The report mentions successes in the Ministry’s implementation of the program for supporting microbusinesses opened by forcibly displaced and low-income people, funded by the World Bank:

“Instead of unemployed people receiving welfare payments every month, the state got taxpayers who created new jobs. Communities got economic revival and more wealthy residents. People took their fates into their own hands and escaped the state of poverty.”

The focus on maximum stimulation of welfare recipients to join the labor market is not new. Western European countries developed this approach back in the 1980s. It is called “activating labor market policies” and combines a set of policies which, roughly speaking, are supposed to “stimulate” individuals to “take their lives into their own hands,” join the labor market as soon as possible and “get off” welfare. These policies have their own supporters, but, of course, there are also many reasons to criticize this approach, particularly from the perspective of its ethics. But what is proposed in our case, “microloans for opening small businesses,” is an even more questionable measure for achieving the declared goal, namely overcoming poverty.

You can read about this very briefly in an accessible article by Ella Libanova, the Director of the Institute for Demographics and Social Research of the Academy of Sciences, which covers important research in the field of “evidence-based economics” by Abhijit Banerjeeі and Esther Duflo, winners of the Nobel Memorial Prize in Economic Sciences in 2019. Among other things, they researched the effectiveness of microloan programs in overcoming poverty; the countries in their sample include postwar Bosnia and Herzegovina.
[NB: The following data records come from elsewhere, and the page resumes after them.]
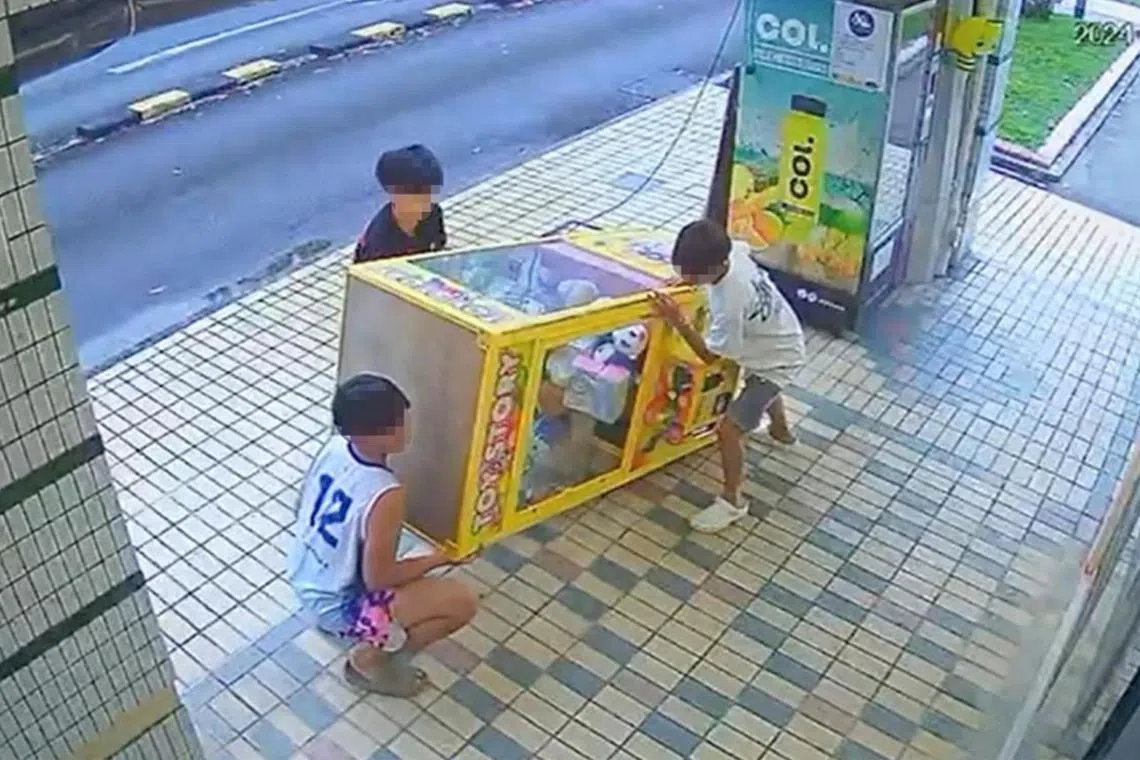 Rakaman kamera CCTV yang dilihat oleh ST menunjukkan tiga budak lelaki bermain dengan mesin cekau itu pada kira-kira 6.30 pagi, tetapi tidak berjaya menangi anak patung tersebut.
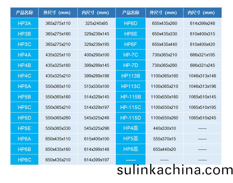 外(wai)尺寸:1100*365*210mm 內尺寸(cun):1046*303*196mm 材(cai)質:PP 重量:3400g
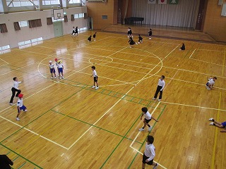 体育館は、1~3年生がドッジボールをしながら、体を
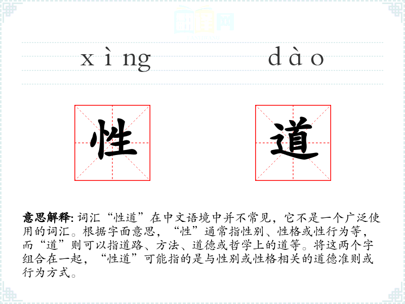 - 反义词:无(由于“性道”不是一个常用词汇,反义词不明确)
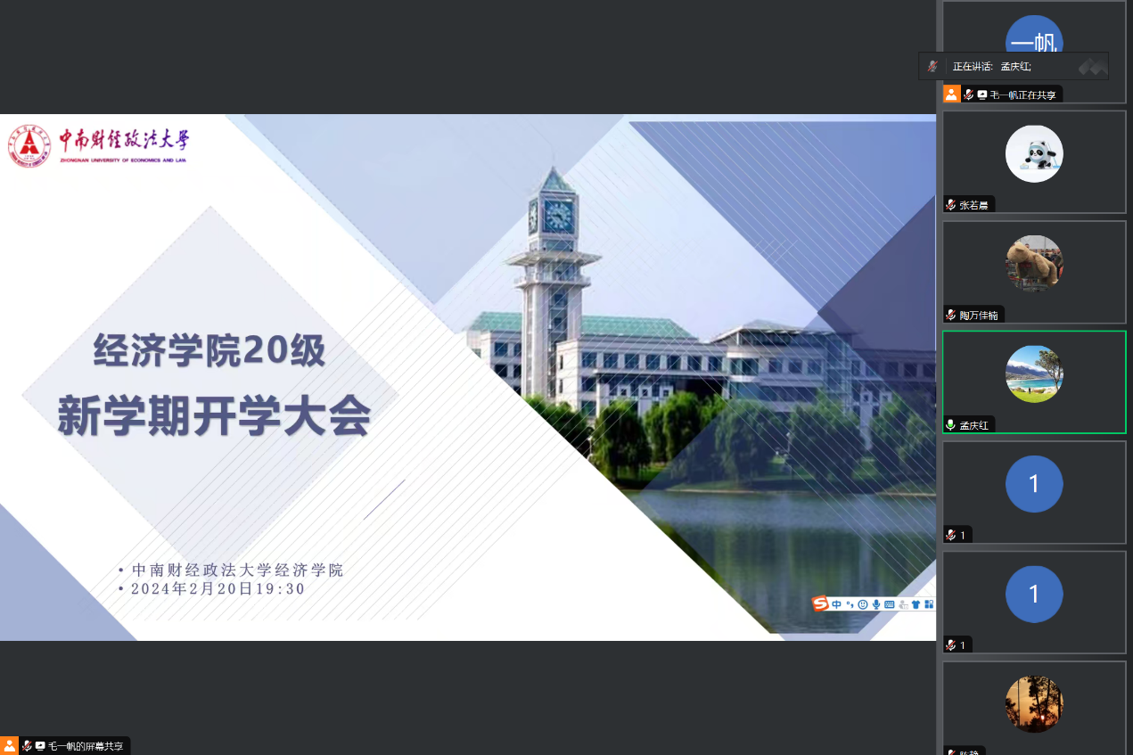 (通讯员:张若晨)春寒料峭,万物复苏,新的学期即将开始。为帮助同学们做好开学的准备,以昂扬的姿态迎接新学期的到来,永利集团3044官网欢迎您于2月20日在线上召开了2020级本科生新学期开学年级大会。学院2020级全体同学参加,辅导员孟庆红老师主持会议。
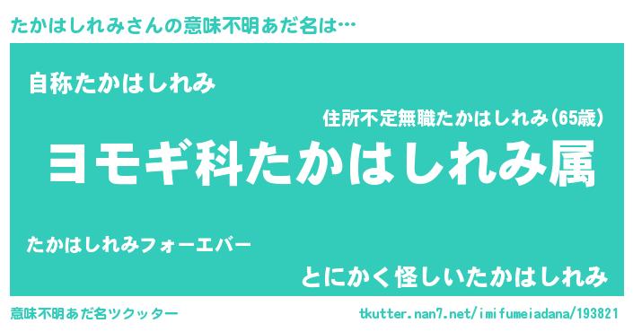| 胡散臭い通販商品みたいなあだ名 | 『芸能人もオススメする高麗人参…その名も「たかはしれみ」』 |
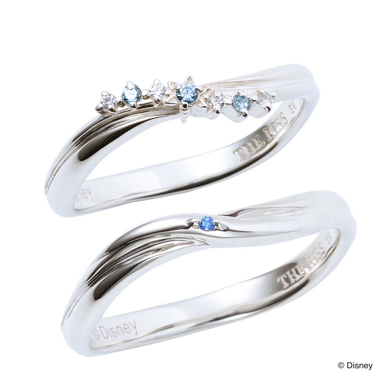 一对以奇幻电影《冰雪奇缘》世界为灵感设计的戒指。
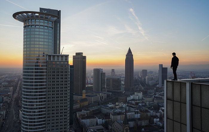Ein Rooftopper steht auf dem Dach des Winx Towers in Frankfurt am Main.
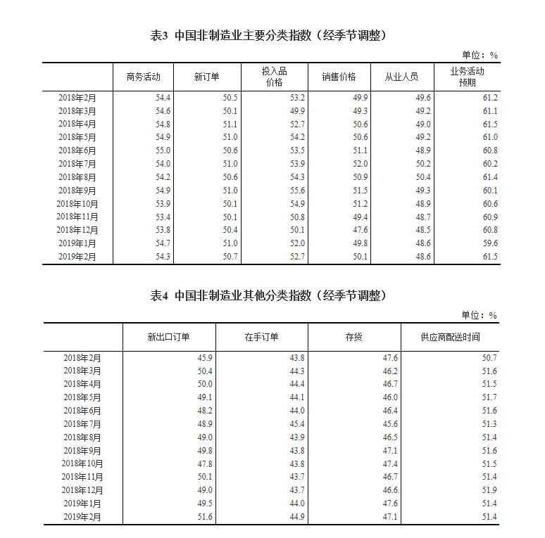 2019年2月份,中国非制造业商务活动指数为54.3%,比上月回落0.4个百分点,表明非制造业总体继续保持增长。
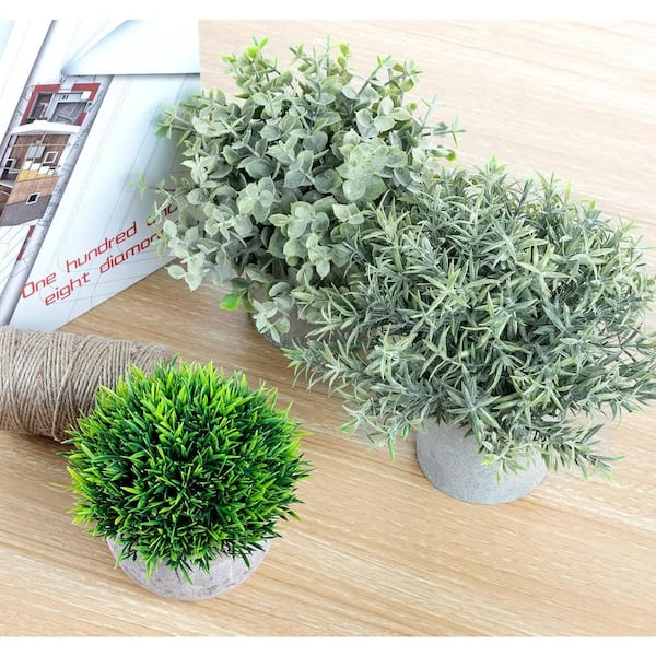 13.1 in. Mini Potted Artificial Plants Fake Small Eucalyptus Greenery Plastic Set of 5
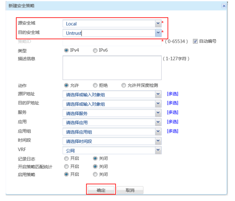 #最后确认一下“源IP地址”为对端内网所在对象组,“目的IP地址”为本端内网地址所在对象组,确定即可
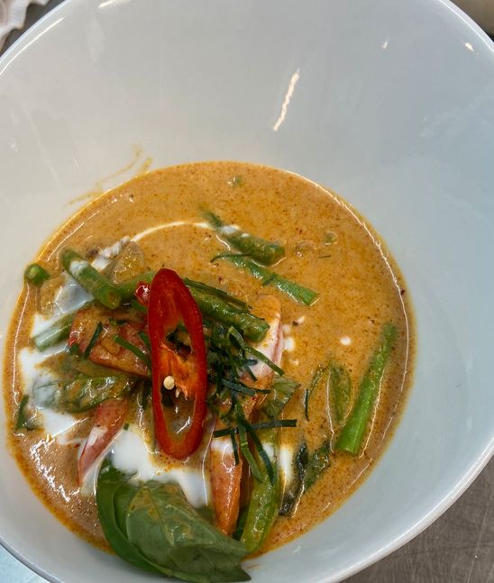 Thai red curry with bamboo shoots, courgette, and fresh chilli. Contains shrimp paste
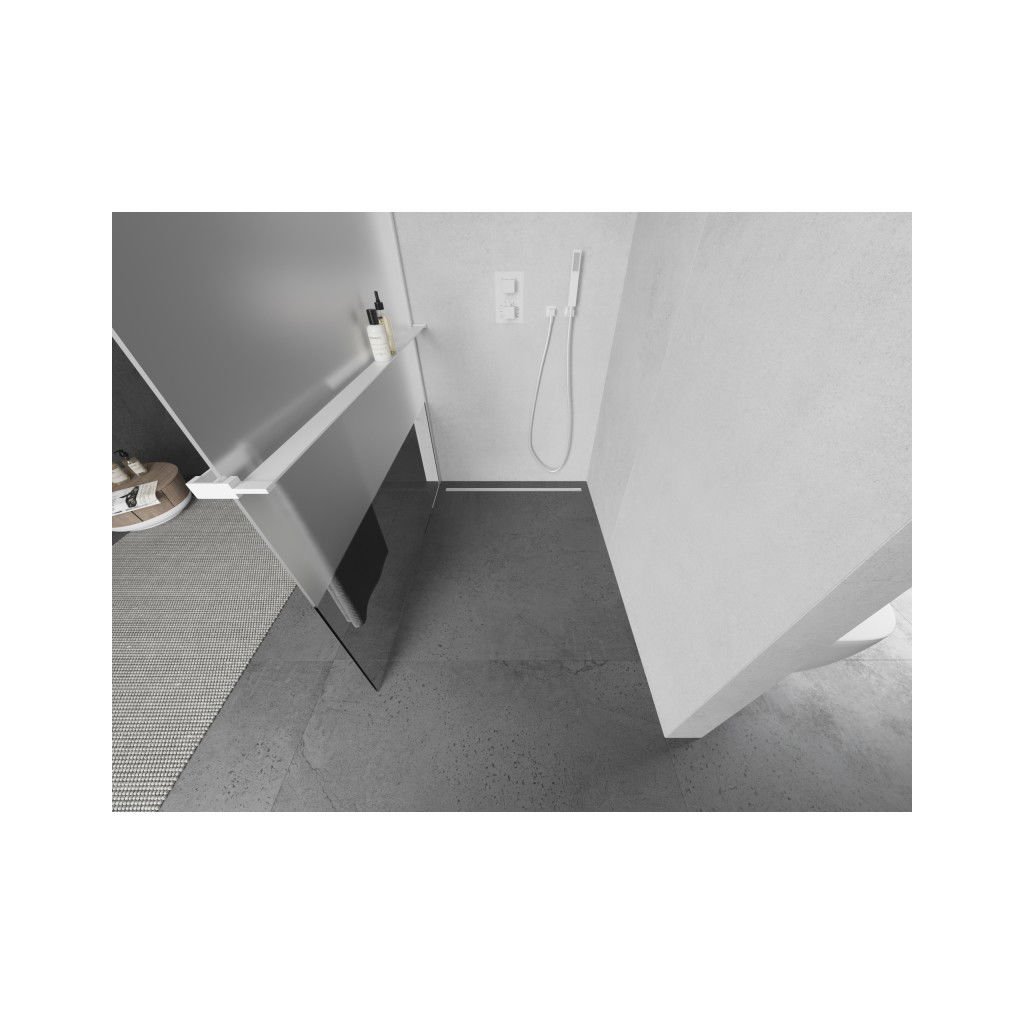 Mexen Kioto+, sprchová zástěna Walk-In s poličkou a věšákem 110 x 200 cm, 8mm čiré sklo-námraza, bílý profil, 800-110-121-20-35
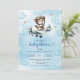 Trendy Boy Shower Teddy Bear Pilot Blue Brown Invitation

Here are some of their findings:

“Poor borrowers allow wasteful spending of borrowed funds. Due to the small size of their enterprises, they take significantly more risks, and since they do not have reliable collateral, their official means to repay loans are rather limited.”
“Microfunding expands the opportunities for poor households to launch or develop their own businesses but does not guarantee that they will be able to escape the poverty trap.”
“What happens to companies founded by the poor? Unfortunately, they are mostly tiny enterprises without a single employee. They are mostly unprofitable, make too little money, and are doomed to remain small and non-lucrative. Poor people often start businesses not because they have aspirations or ambitions to do that, but due to the lack of other jobs. This is what explains why giving loans to open a new business or develop an existing one does not lead to a rapid improvement in its owners’ standard of living.”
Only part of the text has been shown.